We typecheck in an environment that maps type family atoms, term costants and variables to their respective kinds and types.

data Env = Env { _envAtm :: M.Map Atm Kind,
                 _envConst :: M.Map Cnst Type,
                 _envCtx :: M.Map Var Type }

emptyEnv :: Env
emptyEnv = Env M.empty M.empty M.empty

Some lenses to work with the environment

envAtm :: Lens' Env (M.Map Atm Kind)
envAtm afb s = fmap (\atms -> s { _envAtm = atms }) $ afb (_envAtm s)

envCtx :: Lens' Env (M.Map Var Type)
envCtx afb s = fmap (\ctx -> s { _envCtx = ctx } ) $ afb (_envCtx s)

envConst :: Lens' Env (M.Map Cnst Type)
envConst afb s = fmap (\sig -> s { _envConst = sig} ) $ afb (_envConst s)

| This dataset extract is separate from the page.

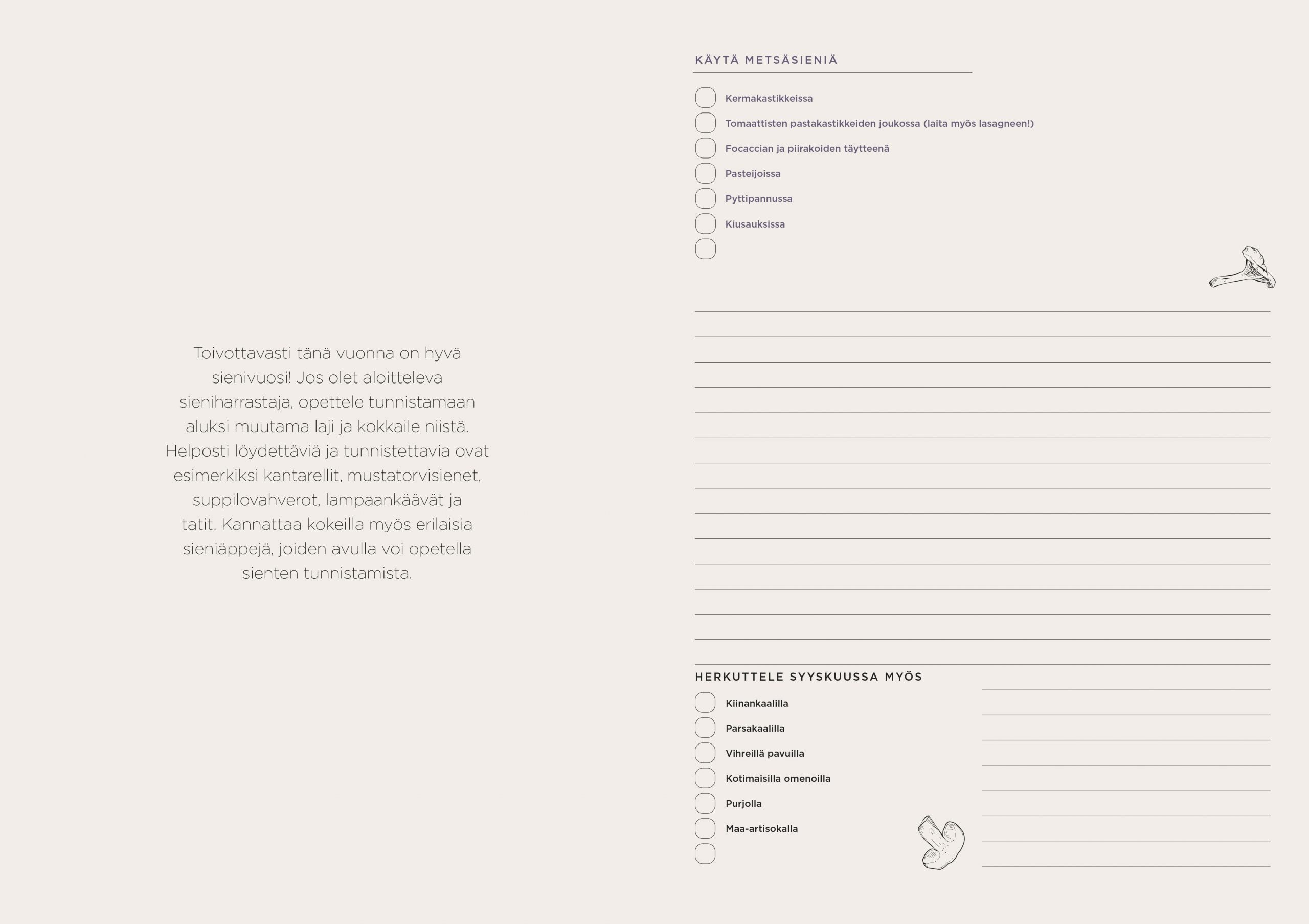 Chocochilin ruokavuosi sopii käytettäväksi ihan tavallisen kalenterin tapaan, sillä se on vapaasti muokattavissa omiin käyttötarkoituksiin sopivaksi. Kalenterissa on omille merkinnöille runsaasti tilaa, jota voi käyttää joko ruokasuunnitelmien tekemiseen tai muun elämän organisointiin. Chocochilin ruokavuosi toimiikin siis toivottavasti ennen kaikkea inspiraationa sesonkien mukaan syömiseen, uusien reseptien testaamiseen ja arjen hallintaan.

And some combinators to perform lookups.

lookupOver :: (MonadReader e m, MonadError String m) => Getting p e p -> String -> (p -> Maybe c) -> m c
lookupOver l s f = do
  mk <- views l f
  case mk of
    Nothing -> throwError $ "unbound " ++ s
    Just c -> return c

lookupAtom :: (MonadReader Env m, MonadError String m) => Atm -> m Kind
lookupAtom = lookupOver envAtm "atom" . M.lookup 

lookupVar :: (MonadReader Env m, MonadError String m) => Var -> m Type
lookupVar = lookupOver envCtx "variable" . M.lookup

lookupConst :: (MonadReader Env m, MonadError String m) => Cnst -> m Type
lookupConst = lookupOver envConst "constant" . M.lookup

To check a signature we check the kind or type classifying the atom or constant and then continue in an environment extended with the new binding.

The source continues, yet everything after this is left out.